Faction represented in the Knesset
- 1959–1961: Progressive Party
- 1961: Liberal Party

Personal details
- Born: 6 July 1900 Germany
- Died: 25 July 1961 (aged 61)

= Shimon Kanovitch =

Israeli physician and politician

Dr Shimon Kanovitch (שמעון כנוביץ'; 6 July 1900 – 25 July 1961) was an Israeli physician and politician who served as a member of the Knesset for the Progressive Party and Liberal Party between 1959 and 1961.

==Biography==
Born in Germany in 1900, Kanovitch studied medicine at university in Königsberg, Frankfurt and Tübingen, and was certified as a paediatrician. During his youth he joined the Zionist Movement and Zionist student organisations, and later became secretary of the Zionist Federation in Germany.

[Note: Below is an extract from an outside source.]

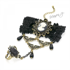 Retro náramek s černou krajkou, kamejí a prstenem.
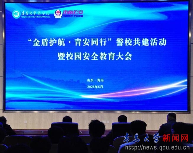 新闻网讯 5月15日下午,药学院联合青岛市公安局市南分局金门路派出所举办的“金盾护航·青安同行”警校共建活动暨校园安全教育大会在医学教育综合楼学术报告厅顺利举行。本次大会旨在进一步深化警校联动机制,强化校园安全教育,提升师生的安全防范意识与应急处理能力,为校园安全筑牢防线。

In 1933 he emigrated to Mandatory Palestine, where he became a lecturer at the medical school in Jerusalem, and also in educational psychology at the Kibbutz Seminary. He was amongst the founders of the New Aliyah Party in 1942, which later formed the basis of the Progressive Party. He was elected to the Knesset on the Progressive Party's list in 1959, but lost his seat in the 1961 elections, by which time the party had merged into the Liberal Party.

He died later in 1961 at the age of 61.